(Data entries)
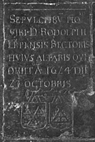 SEPULCHRUM HONORABILIS VIRI, DOMINI RODOLPHI, ERPENSIS, RECTORIS HUJUS ALTARIS, QUI OBIIT ANNO 1624, DIE 23 OCTOBRIS. |
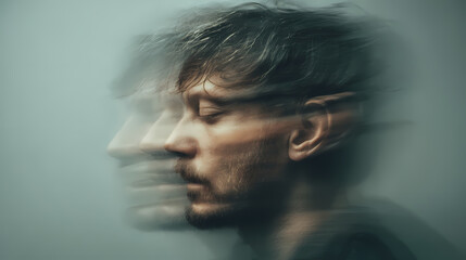 Surreal portrait of man with blurred motion effect and introspective expression. blurred expression. Illustration
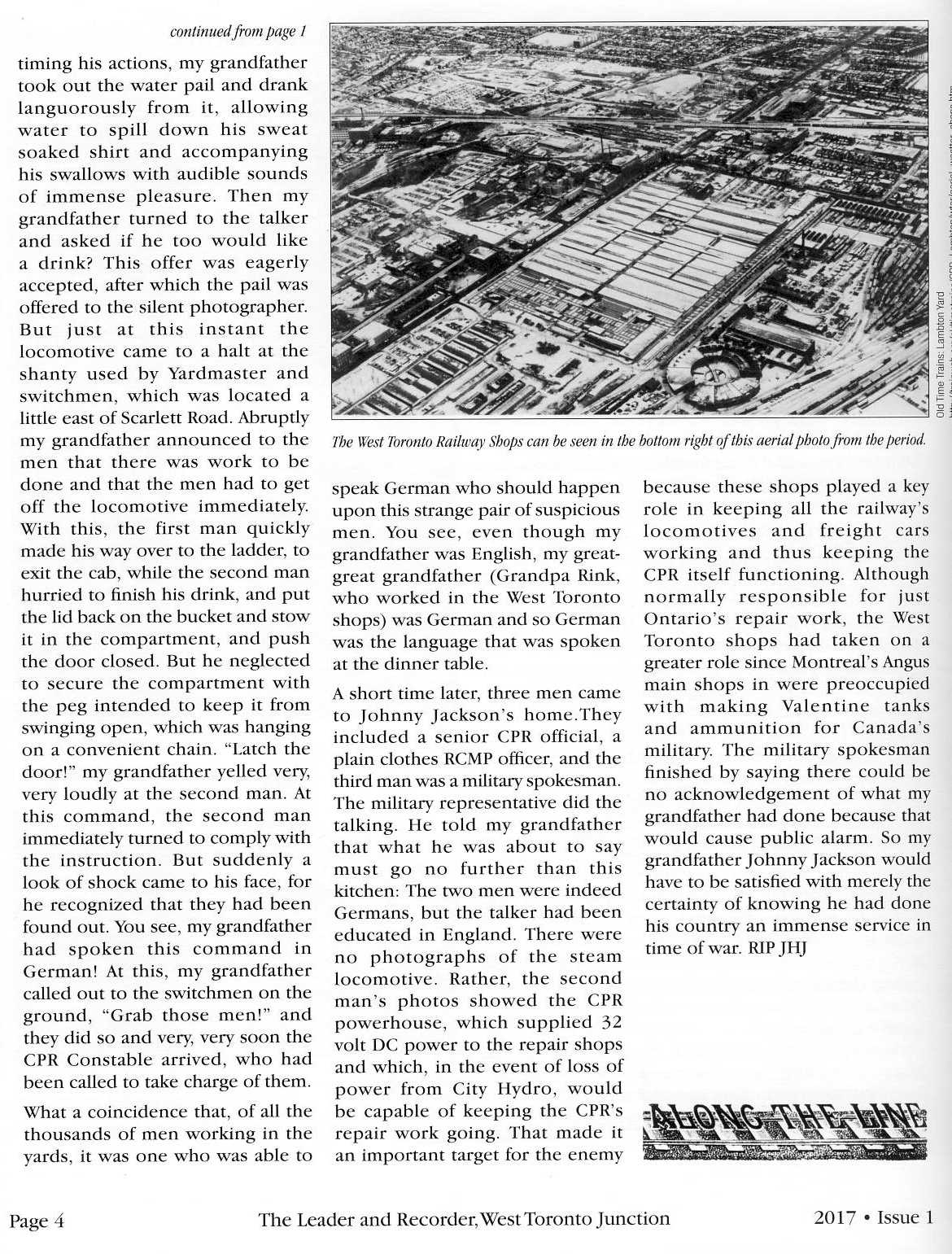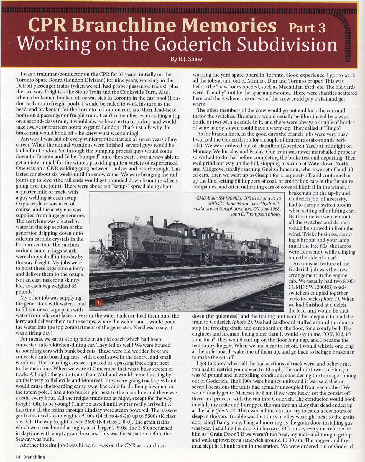 I Remember by Herbet Stitt Real life stories by retired CPR locomotive engineer. NEWEST German Spies Caught in the Junction. During World War II. NEWER Reminiscences of a Railroader Newt Rossiter.Stories of a fireman and boilerman at John Street roundhouse in Toronto during late years of steam era. Including details and histories of different trains and their engines. Life in Senneterre region. Railroaders and locals. Interesting!
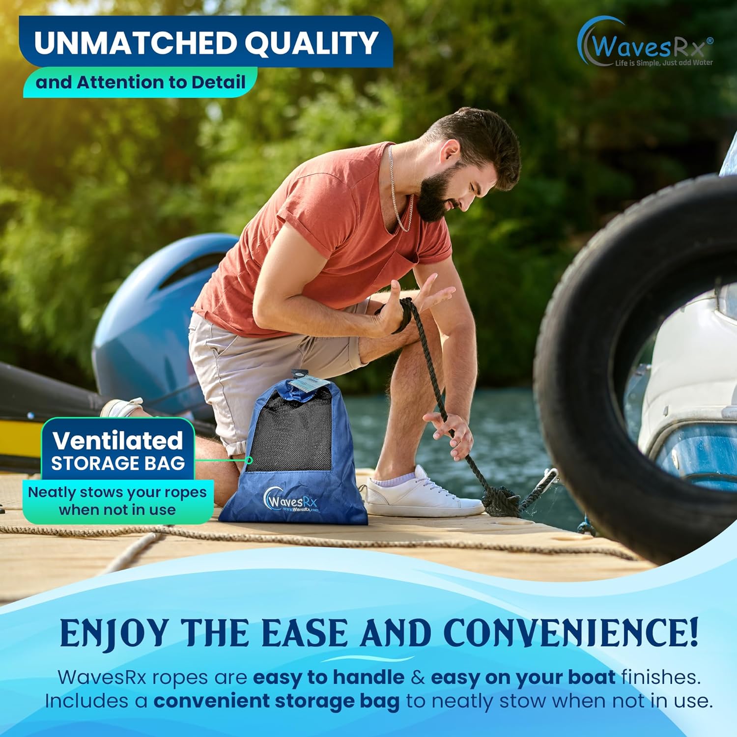 - EXPERIENCE THE WAVESRX DIFFERENCE! - we pay extra attention to the little things that turn a good product into an Exceptional one! Our Dock Line comes with a large 15” spliced end loop so you can easily attach it to a dock or your boat’s cleat. The rope ends and splice points are heat treated and double reinforced to prevent fraying and significantly extended lifespan.
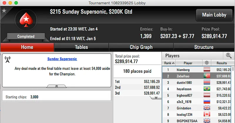 O primeiro domingo de grind de 2015 não foi nada mau, e esperemos que seja o prenúncio para um grande 2015. O maior resultado da sessão foi parar à conta de André "Zebalhao" Andrade, foi segundo no Sunday SuperSonic da PokerStars e juntou mais $37,688 à sua banca.
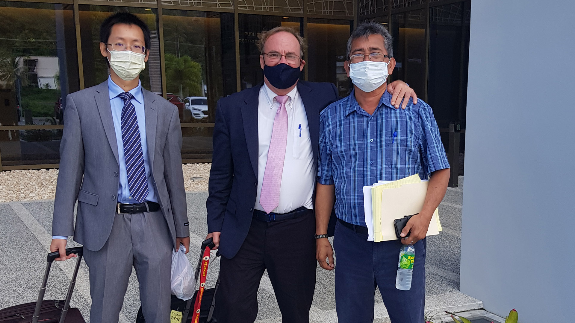 From left, attorneys Cong “Dennis” Nie and David Banes with Rota Mayor Efaim Atalig pose for a photo outside the new federal court building after the hearing on Tuesday. The mayor’s jury trial resumes today, Wednesday, at 9:15 a.m. Photo by Bryan Manabat
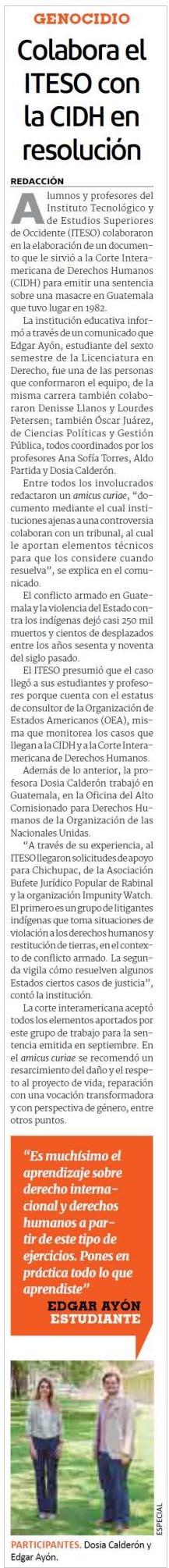 Alumnos y profesores del ITESO colaboraron en la elaboración de un documento que le sirvió a la Corte Interamericana de Derechos Humanos (CIDH) para emitir una sentencia sobre una masacre en Guatemala que tuvo lugar en 1982. La institución educativa informó a través de un comunicado que Edgar Ayón, estudiante del sexto semestre de la Licenciatura en Derecho, fue una de las personas que conformaron el equipo; de la misma carrera también colaboraron Denisse Llanos y Lourdes Petersen; también Óscar Juárez, de Ciencias Políticas y Gestión Pública, todos coordinados por los profesores Ana Sofía Torres, Aldo Partida y Dosia Calderón. (Prensa: NTR El Diario, ZMG, p.5A)

**YOUR ASSIGNMENT:**
In the copy, include every record exactly and no pictures.

**SOLUTION TO THIS PROBLEM:**
 SEPULCHRUM HONORABILIS VIRI, DOMINI RODOLPHI, ERPENSIS, RECTORIS HUJUS ALTARIS, QUI OBIIT ANNO 1624, DIE 23 OCTOBRIS. |
 Surreal portrait of man with blurred motion effect and introspective expression. blurred expression. Illustration
 I Remember by Herbet Stitt Real life stories by retired CPR locomotive engineer. NEWEST German Spies Caught in the Junction. During World War II. NEWER Reminiscences of a Railroader Newt Rossiter.Stories of a fireman and boilerman at John Street roundhouse in Toronto during late years of steam era. Including details and histories of different trains and their engines. Life in Senneterre region. Railroaders and locals. Interesting!
 - EXPERIENCE THE WAVESRX DIFFERENCE! - we pay extra attention to the little things that turn a good product into an Exceptional one! Our Dock Line comes with a large 15” spliced end loop so you can easily attach it to a dock or your boat’s cleat. The rope ends and splice points are heat treated and double reinforced to prevent fraying and significantly extended lifespan.
 O primeiro domingo de grind de 2015 não foi nada mau, e esperemos que seja o prenúncio para um grande 2015. O maior resultado da sessão foi parar à conta de André "Zebalhao" Andrade, foi segundo no Sunday SuperSonic da PokerStars e juntou mais $37,688 à sua banca.
 From left, attorneys Cong “Dennis” Nie and David Banes with Rota Mayor Efaim Atalig pose for a photo outside the new federal court building after the hearing on Tuesday. The mayor’s jury trial resumes today, Wednesday, at 9:15 a.m. Photo by Bryan Manabat
 Alumnos y profesores del ITESO colaboraron en la elaboración de un documento que le sirvió a la Corte Interamericana de Derechos Humanos (CIDH) para emitir una sentencia sobre una masacre en Guatemala que tuvo lugar en 1982. La institución educativa informó a través de un comunicado que Edgar Ayón, estudiante del sexto semestre de la Licenciatura en Derecho, fue una de las personas que conformaron el equipo; de la misma carrera también colaboraron Denisse Llanos y Lourdes Petersen; también Óscar Juárez, de Ciencias Políticas y Gestión Pública, todos coordinados por los profesores Ana Sofía Torres, Aldo Partida y Dosia Calderón. (Prensa: NTR El Diario, ZMG, p.5A)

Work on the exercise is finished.